A finance employee at engineering firm Arup joined a video call with who appeared to be the company’s CFO and several colleagues. Every face on the call was a deepfake. Over 15 transfers, the employee authorised roughly 25 million dollars. That single incident, from Arup’s Hong Kong office, is now one line item in a fraud category that a 2026 Surfshark study puts at 3.7 billion dollars in publicly documented losses worldwide, the current figure at the time of publishing, and that figure almost certainly understates the real total.
A Genuinely Global Fraud Category
The Surfshark research, drawing on the AI Incident Database, Resemble.AI and OECD records, breaks the losses down by country rather than treating this as one region’s problem. The United States accounts for 712 million dollars, 43 per cent of it corporate. Malaysia reports 502 million dollars, driven largely by investment scams. Hong Kong sits at 229 million dollars. Indonesia’s losses come almost entirely from fraudulent loan applications. The United Kingdom reports 149 million dollars, much of it celebrity-impersonation investment scams. No single region owns this problem, and the methods vary by market as much as the targets do.
The Real Number Is Almost Certainly Higher
The study’s authors flag a specific limitation worth taking seriously: fewer than 5 per cent of voice-clone fraud victims ever report their losses. That means 3.7 billion dollars is a floor, not a ceiling, built entirely from cases that became public. For every Arup, a large, sophisticated organisation with the resources to disclose and investigate publicly, there are almost certainly dozens of smaller incidents that never surface in any database.
When the Defence Actually Worked
Not every attempt succeeds, and the near-misses are instructive. At LastPass, an employee received what sounded like a deepfake audio call from the CEO over WhatsApp and grew suspicious specifically because the channel itself was unusual, a legitimate CEO request would not normally arrive that way. That single procedural instinct, noticing the wrong channel rather than scrutinising the voice, stopped the fraud. It is a reminder that detecting deepfakes technically is often less reliable than training people to notice when a request arrives through an unexpected route or bypasses a normal approval step.
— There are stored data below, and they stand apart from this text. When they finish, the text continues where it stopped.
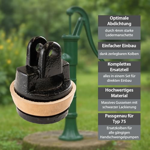 | Features | Die klassische und umweltfreundliche Art zu pumpen, Passend für fast alle im Garten gängigen Handschwengelpumpen, Dichtung aus echtem, 4 mm starkem Leder, Geeignet für einen Pumpendurchmesser von 75 mm, In Einzelteile zerlegbar |
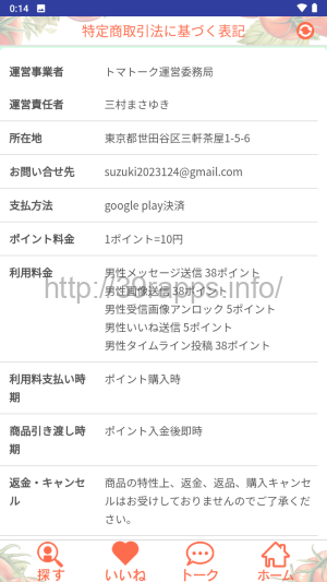 アプリ内の「特定商取引法に基づく表記」によると、「運営事業者」の欄には「トマトーク運営委務局」とある。
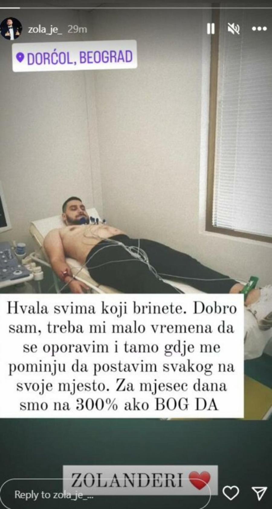 - Hvala svima koji brinete. Dobro sam, treba mi malo vremena da se oporavim i tamo gde me pominju da postavim svakog na svoje mesto. Za mesec dana smo na 300% ako Bog da, Zolanderi - poručio je Lazar.
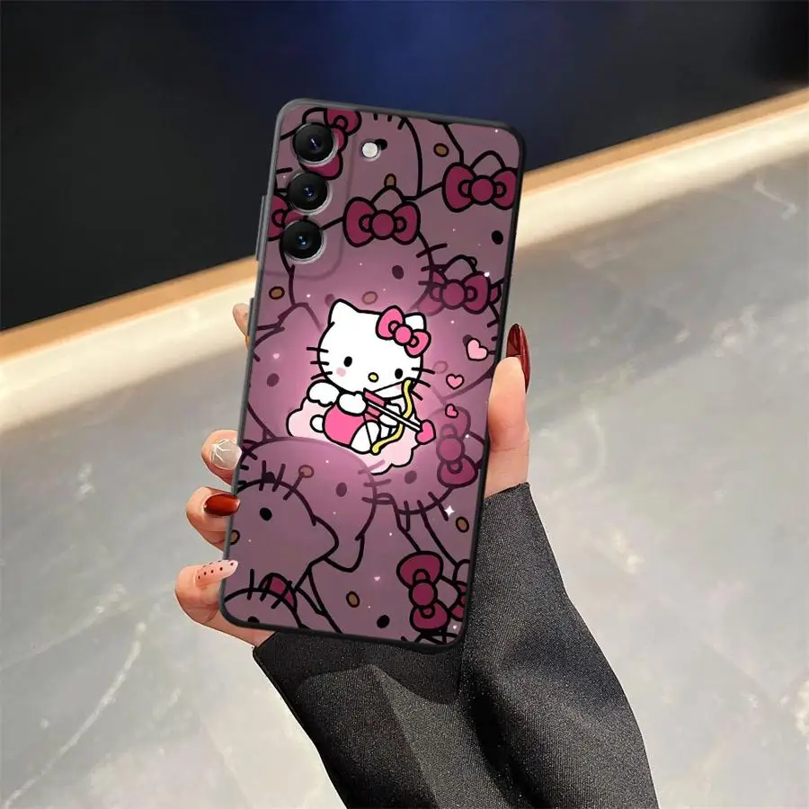 Funda de teléfono suave negra para Samsung Galaxy A17 A70 A06 A50 A30 A15 A20 A13 A05 A40 A16 A04 A10 A12 Hello Kitty

What This Means for Finance and PMO Controls
The Arup case succeeded because a live video call was treated as sufficient authorisation on its own for a high-value transfer. That control gap exists in most organisations, a request that looks and sounds right, delivered through what appears to be the normal channel, still gets treated as verified. The practical fix does not require deepfake-detection software as a first line of defence. It requires a callback protocol for any high-value transfer request, verified through a separate, previously agreed channel, regardless of how convincing the original request appeared. A PMO or finance transformation programme introducing new payment or approval workflows should build that callback step into the process design itself, rather than leaving it as a training slide nobody reviews again after induction.